When we were engaged, I thought that marriage would be easy since we lived together before we got married. And for the most part, it has been similar to before we were married, but some things have changed.
* I am not a marriage expert at all, but I have learned quite a few things in my 5 months of marriage.
Learn each others love languages.
Jeremy and I express our love for each other in very different ways. I like to be shown that he loves me. I like when he touches me and let’s me know that I am important to him. He likes when I complete one of his chores for him. We don’t have designated chores, but he does the chunk of the dishes and I do most of the cooking and laundry.
Learning each others love languages and actually using what you learn about each other will help you express yourselves. And you won’t get frustrated when he doesn’t always express love the way you like. Knowing how he views love is really important in your relationship.

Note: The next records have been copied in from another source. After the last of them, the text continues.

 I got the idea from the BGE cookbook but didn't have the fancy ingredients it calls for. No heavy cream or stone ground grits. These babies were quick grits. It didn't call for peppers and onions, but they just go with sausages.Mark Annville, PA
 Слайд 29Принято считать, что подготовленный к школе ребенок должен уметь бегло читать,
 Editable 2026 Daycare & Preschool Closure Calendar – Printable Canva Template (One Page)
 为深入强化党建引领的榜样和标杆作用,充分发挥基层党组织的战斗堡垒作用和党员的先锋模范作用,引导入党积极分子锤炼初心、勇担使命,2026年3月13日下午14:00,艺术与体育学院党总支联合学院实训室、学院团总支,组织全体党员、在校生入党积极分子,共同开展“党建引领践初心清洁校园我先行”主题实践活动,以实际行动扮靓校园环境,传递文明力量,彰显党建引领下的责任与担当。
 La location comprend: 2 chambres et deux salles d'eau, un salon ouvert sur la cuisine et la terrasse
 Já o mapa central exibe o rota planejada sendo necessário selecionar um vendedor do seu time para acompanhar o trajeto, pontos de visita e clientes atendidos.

This one might seem like a no brainer to you, but trust me. You need to communicate. Over communicate if you can. We communicated when we were engaged, but we have made it a point in our marriage to communicate even more. We both come from divorced families, and I know for my parents, communication was nonexistent in the end. I clearly don’t want to go down that road, so we communicate like it’s no ones business.

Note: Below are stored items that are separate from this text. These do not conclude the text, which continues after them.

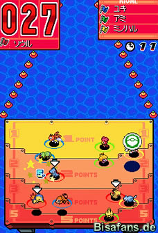 - Besetzt die markierten Kreise im Ring mit euren drei Pokémon, um Punkte zu erhalten. Leider haben die neun Gegner die gleiche Idee, so dass ihr euch durchsetzen müsst.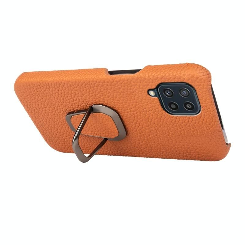 Για Samsung Galaxy M32 Δαχτυλίδι κάτοχος Litchi Υφή γνήσιο δέρμα τηλέφωνο υπόθεση (Καφέ)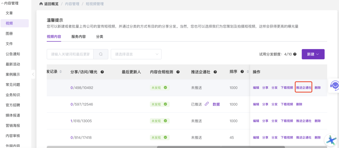 除了文章内容外,本次升级为视频、图册、最新活动、常见问题、业务知识、官方招聘、媒体报道等类型的内容也加上了推送到企通社的功能。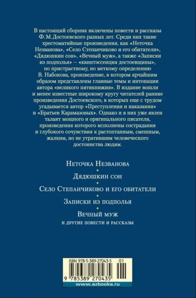 This collection includes stories and stories by F. M. Dostoevsky of different years. Among them are such textbook works as “Netochka Nezvanova”, “The village of Stepanchikovo and its inhabitants”, “Uncle’s Dream”, “Eternal Husband”, as well as “Notes from the Underground” – “Quintessence of the Desert”, according to the biased but apt definition of V. Nabokov, a work in which the main themes and intonations of the author of the “Great Five Books” are most vividly presented. The publication also includes the early works of Dostoevsky, which are less well known to a wide range of readers, in which the author of Crime and Punishment and The Brothers Karamazov are still difficult to guess. However, they already show the talent of a powerful and original writer, whose works are filled with compassion and deep sympathy for trampled, ridiculous, pathetic, but not lost human dignity people.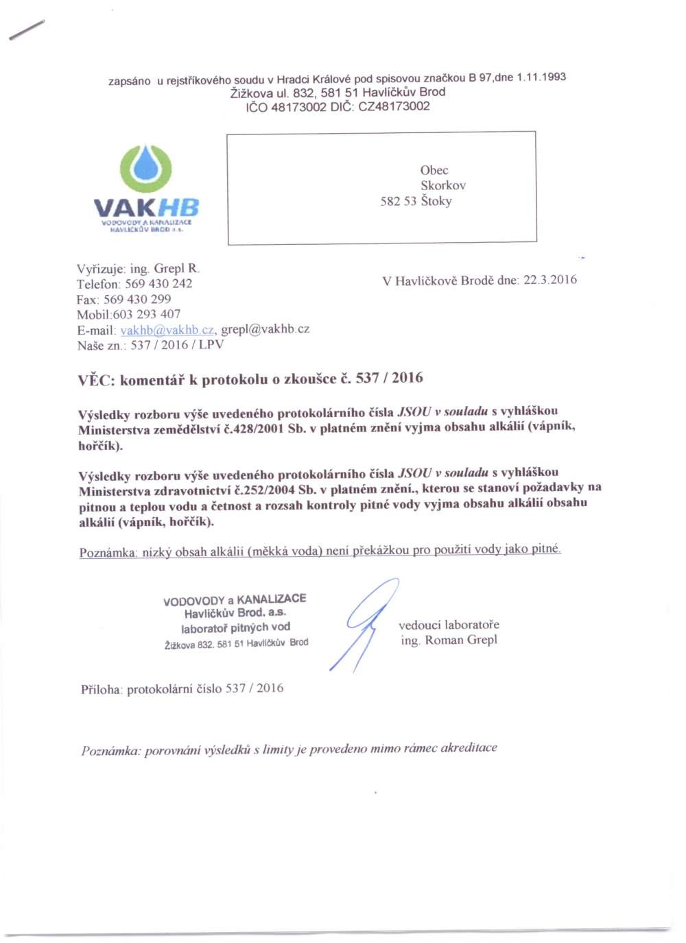 Zpráva o výsledku přezkoumání hospodaření obce Skorkov za rok 2015

We have a plan on how to get out of debt (we are so freaking close). We have talked about when we will buy another house. We have talked about when we might start to think about having babies.

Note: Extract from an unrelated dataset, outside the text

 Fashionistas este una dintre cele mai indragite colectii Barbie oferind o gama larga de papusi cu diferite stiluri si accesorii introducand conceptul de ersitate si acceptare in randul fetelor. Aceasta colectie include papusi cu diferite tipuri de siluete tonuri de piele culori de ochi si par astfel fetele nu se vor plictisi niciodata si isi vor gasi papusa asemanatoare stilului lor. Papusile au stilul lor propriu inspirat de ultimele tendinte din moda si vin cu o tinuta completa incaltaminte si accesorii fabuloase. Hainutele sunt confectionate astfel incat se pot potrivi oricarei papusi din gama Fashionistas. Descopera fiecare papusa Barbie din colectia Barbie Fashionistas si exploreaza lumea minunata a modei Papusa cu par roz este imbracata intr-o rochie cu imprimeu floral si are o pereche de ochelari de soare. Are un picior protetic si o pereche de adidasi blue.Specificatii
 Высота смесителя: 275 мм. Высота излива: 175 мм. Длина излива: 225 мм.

Balance each others family obligations.
We are still working on this one, but you have to work on balancing each others families. Jeremy’s mom and dad live out of state, but his sister is here. We don’t visit as much as we should – and that is something we need to work on. We see my family (my mom, dad and sister all live in Atlanta) often. Balancing between seeing my family and Jeremy’s sister is one thing we need to continue to work on.
What have you learned from being married?